#### [What is being asked]
A verbatim copy of the records is required, with all pictures left out.

Source data:
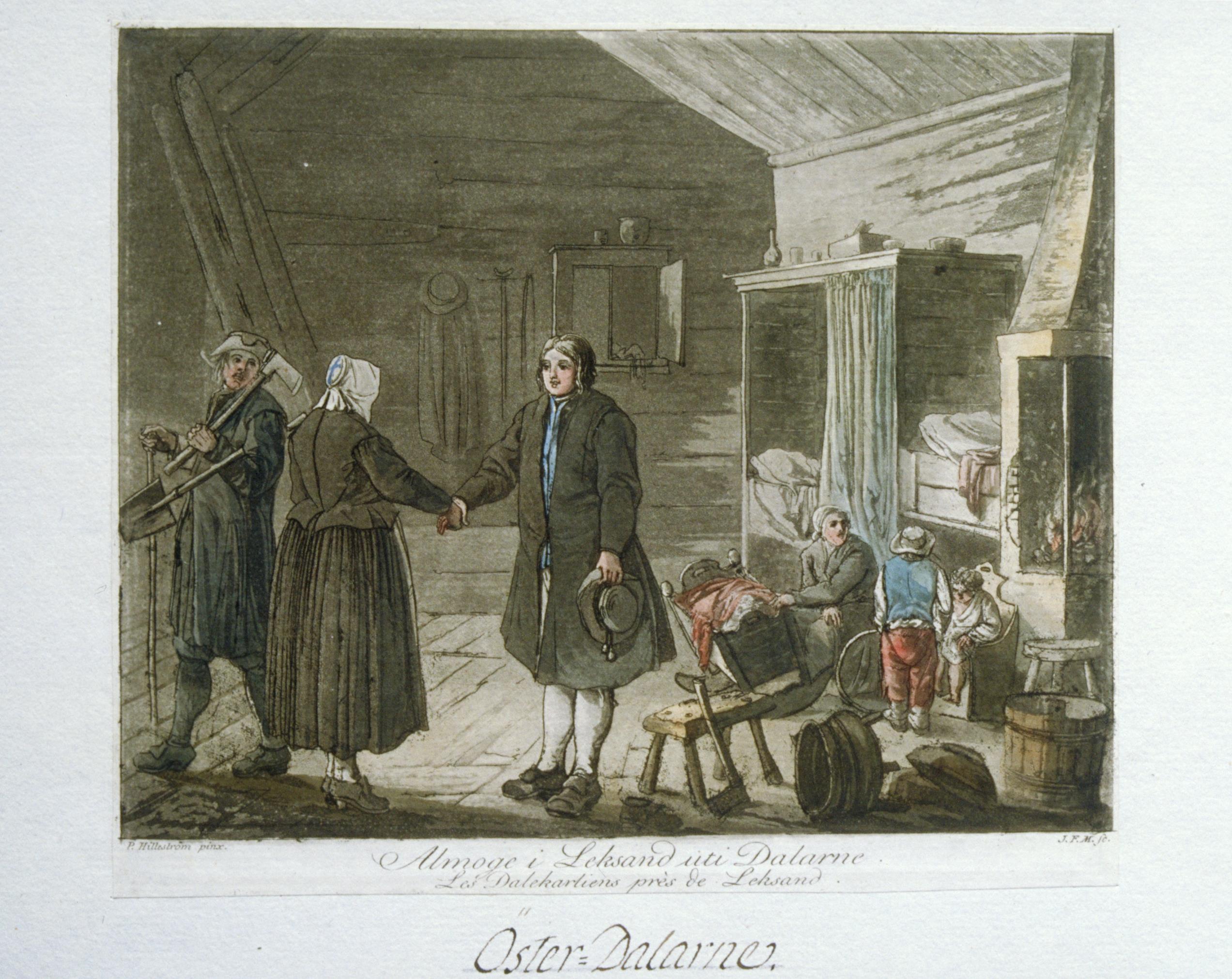 Allmoge i Leksand. Akvatint över konturetsning av Johan Fredrik Martin efter Pehr Hilleström d.ä. Ca 1800.
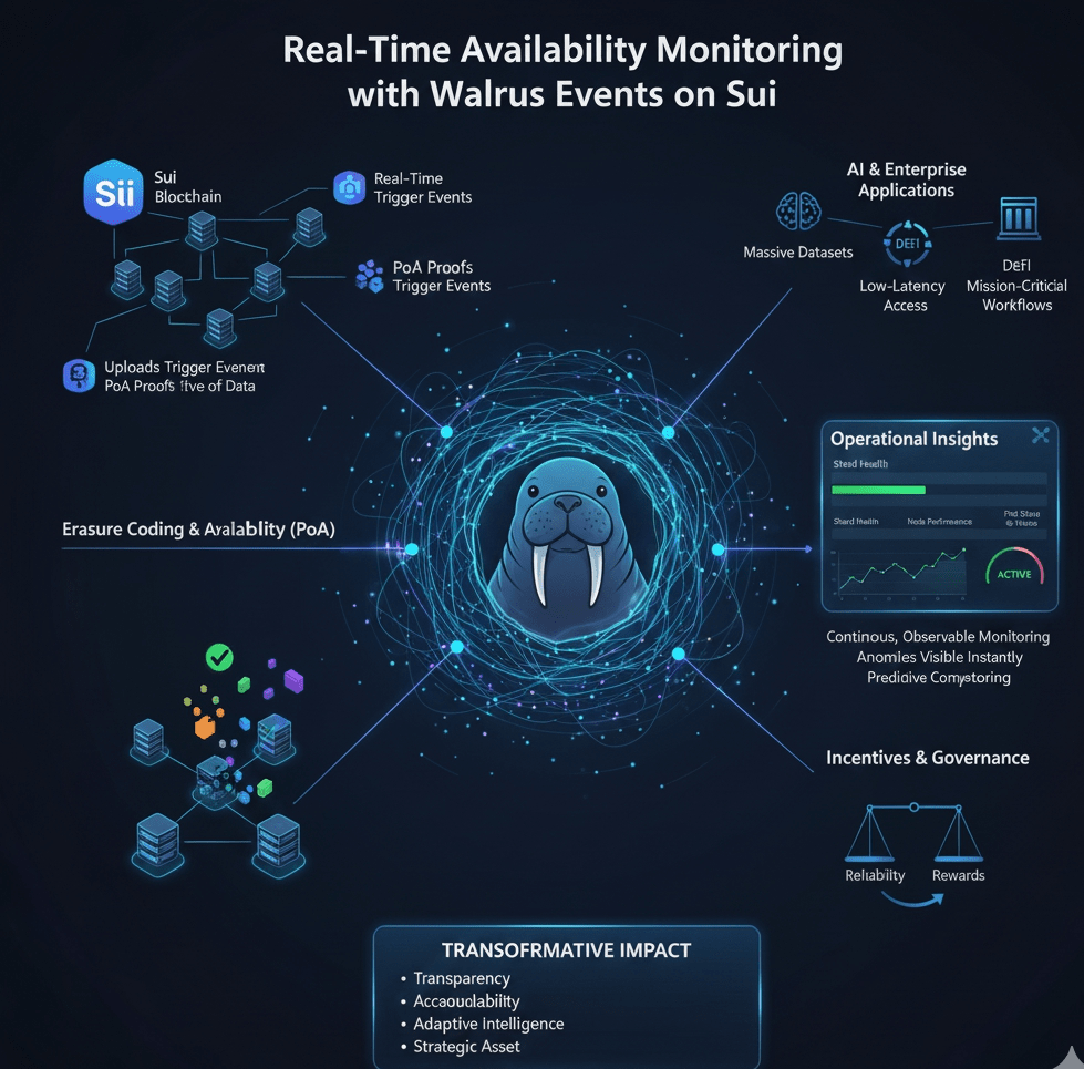 Os dados tornaram-se mais do que apenas números em um servidor—são a base da inovação moderna. Desde modelos de IA processando terabytes de dados de treinamento até plataformas DeFi gerenciando milhões de transações, a necessidade de armazenamento confiável e transparente nunca foi tão grande. Sistemas tradicionais nem sempre conseguem atender a essas demandas. Servidores centralizados podem ser rápidos, mas carecem de visibilidade, e quando ocorrem falhas, geralmente é tarde demais para reagir. O Walrus muda o jogo. Ao combinar armazenamento descentralizado com a arquitetura orientada a eventos do Sui, oferece uma forma de ver em tempo real a saúde dos dados—cada upload, cada fragmento, cada verificação—tornando o armazenamento não apenas uma utilidade, mas um sistema vivo e observável.
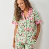 Deck the halls with feathered friends. Our Holiday Hens short pajama set in Sage features whimsical hens sporting scarves and earmuffs on breathable organic cotton. This festive holiday pajama set offers effortless comfort with a relaxed button-down top and comfortable sleep shorts with pockets. Perfect cotton PJ set for cozy holiday mornings. Shop our , , and for more hand-illustrated prints.
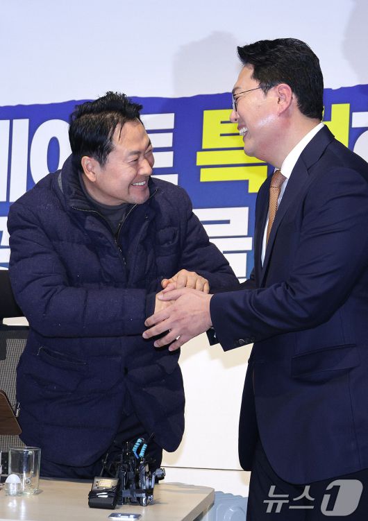 (서울=뉴스1) 신웅수 기자 = 천하람 개혁신당 원내대표가 16일 서울 여의도 국회에서 윤석열·김건희에 의한 내란·외환 및 국정농단 행위의 진상규명을 위한 특별검사 임명 등에 관한 법률안(2차 종합 특검)에 대한 무제한 토론(필리버스터)을 마친 후 단식 중인 장동혁 국민의힘 대표와 대화하고 있다. 2026.1.16/뉴스1
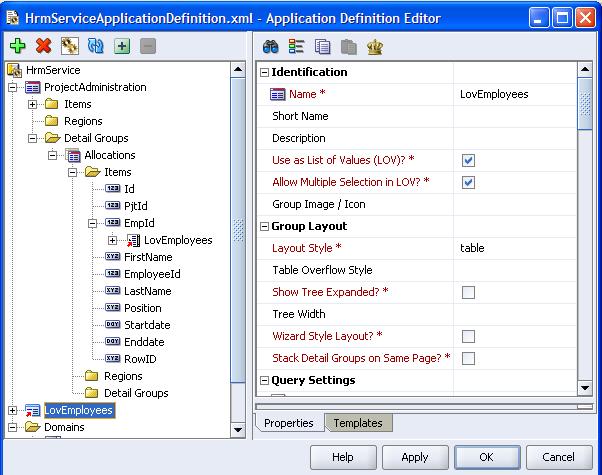 2. The template is associated to the ProjectAllocations group by setting the template property in the JHeadstart Application Editor:

#### [Finished task]
 Allmoge i Leksand. Akvatint över konturetsning av Johan Fredrik Martin efter Pehr Hilleström d.ä. Ca 1800.
 Os dados tornaram-se mais do que apenas números em um servidor—são a base da inovação moderna. Desde modelos de IA processando terabytes de dados de treinamento até plataformas DeFi gerenciando milhões de transações, a necessidade de armazenamento confiável e transparente nunca foi tão grande. Sistemas tradicionais nem sempre conseguem atender a essas demandas. Servidores centralizados podem ser rápidos, mas carecem de visibilidade, e quando ocorrem falhas, geralmente é tarde demais para reagir. O Walrus muda o jogo. Ao combinar armazenamento descentralizado com a arquitetura orientada a eventos do Sui, oferece uma forma de ver em tempo real a saúde dos dados—cada upload, cada fragmento, cada verificação—tornando o armazenamento não apenas uma utilidade, mas um sistema vivo e observável.
 Deck the halls with feathered friends. Our Holiday Hens short pajama set in Sage features whimsical hens sporting scarves and earmuffs on breathable organic cotton. This festive holiday pajama set offers effortless comfort with a relaxed button-down top and comfortable sleep shorts with pockets. Perfect cotton PJ set for cozy holiday mornings. Shop our , , and for more hand-illustrated prints.
 (서울=뉴스1) 신웅수 기자 = 천하람 개혁신당 원내대표가 16일 서울 여의도 국회에서 윤석열·김건희에 의한 내란·외환 및 국정농단 행위의 진상규명을 위한 특별검사 임명 등에 관한 법률안(2차 종합 특검)에 대한 무제한 토론(필리버스터)을 마친 후 단식 중인 장동혁 국민의힘 대표와 대화하고 있다. 2026.1.16/뉴스1
 2. The template is associated to the ProjectAllocations group by setting the template property in the JHeadstart Application Editor:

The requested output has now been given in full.